=== Raw data ===
◇ ◇ ◇
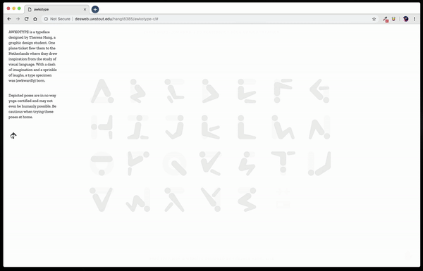 In the final steps of Awkotype, I wanted to produce a site for people to experience this colorful, fun, symbol-inspired language.
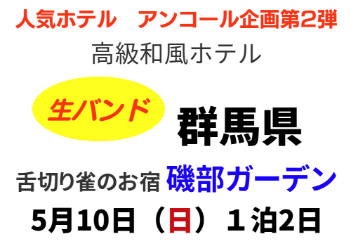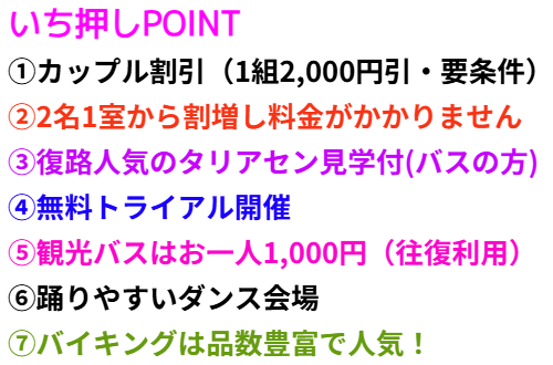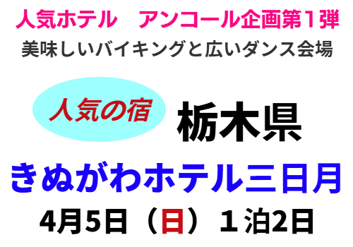| 踊りやすい会場で思い切り優雅にダンスパーティー 皆様楽しく踊りましょう! 人気のホテル 食事・お部屋・源泉大浴場や館内施設も充実 人気のタリアセン観光も付いております(バス乗車の方) |
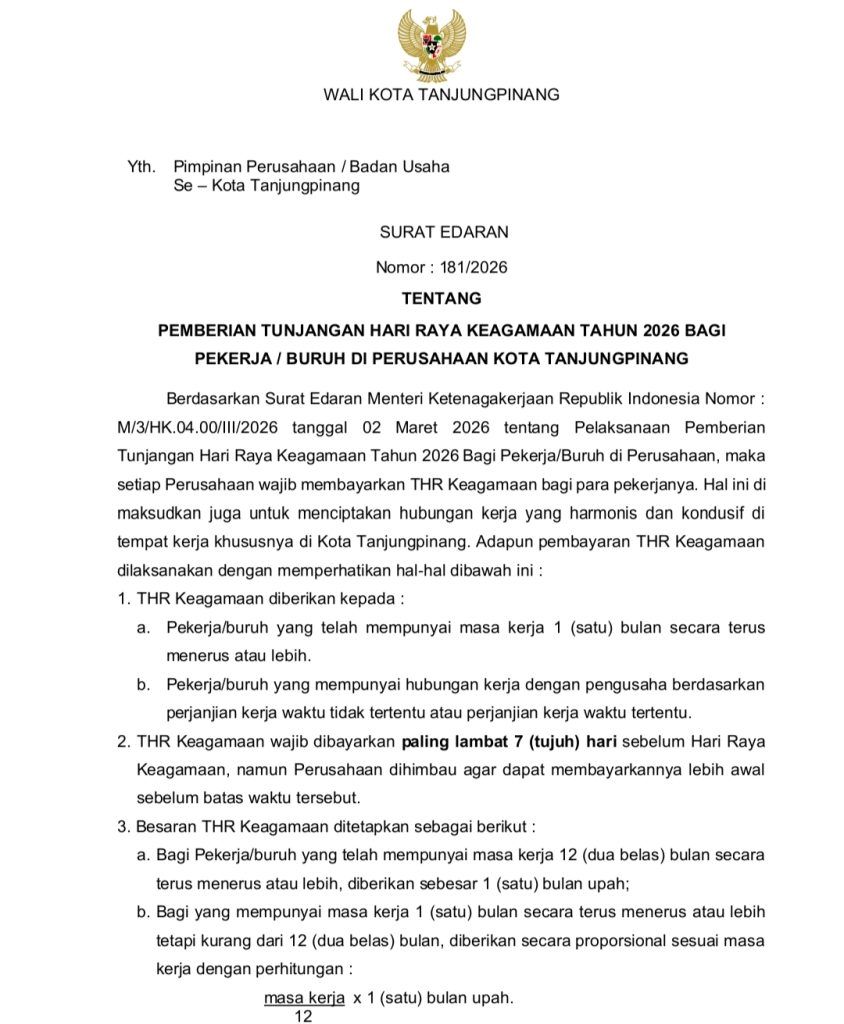 TANJUNGPINANG, (kepriraya.com)– Pemerintah Kota Tanjungpinang menerbitkan Surat Edaran (SE) Nomor 181 Tahun 2026 tentang Pemberian Tunjangan Hari Raya (THR) Keagamaan bagi pekerja atau buruh di perusahaan. Surat edaran tersebut ditujukan kepada seluruh pimpinan perusahaan dan badan usaha se-Kota Tanjungpinang.
◇ ◇ ◇
=== Exercise aim ===
Would you return the material exactly, images excluded?

=== Result of this task ===
 In the final steps of Awkotype, I wanted to produce a site for people to experience this colorful, fun, symbol-inspired language.
| 踊りやすい会場で思い切り優雅にダンスパーティー 皆様楽しく踊りましょう! 人気のホテル 食事・お部屋・源泉大浴場や館内施設も充実 人気のタリアセン観光も付いております(バス乗車の方) |
 TANJUNGPINANG, (kepriraya.com)– Pemerintah Kota Tanjungpinang menerbitkan Surat Edaran (SE) Nomor 181 Tahun 2026 tentang Pemberian Tunjangan Hari Raya (THR) Keagamaan bagi pekerja atau buruh di perusahaan. Surat edaran tersebut ditujukan kepada seluruh pimpinan perusahaan dan badan usaha se-Kota Tanjungpinang.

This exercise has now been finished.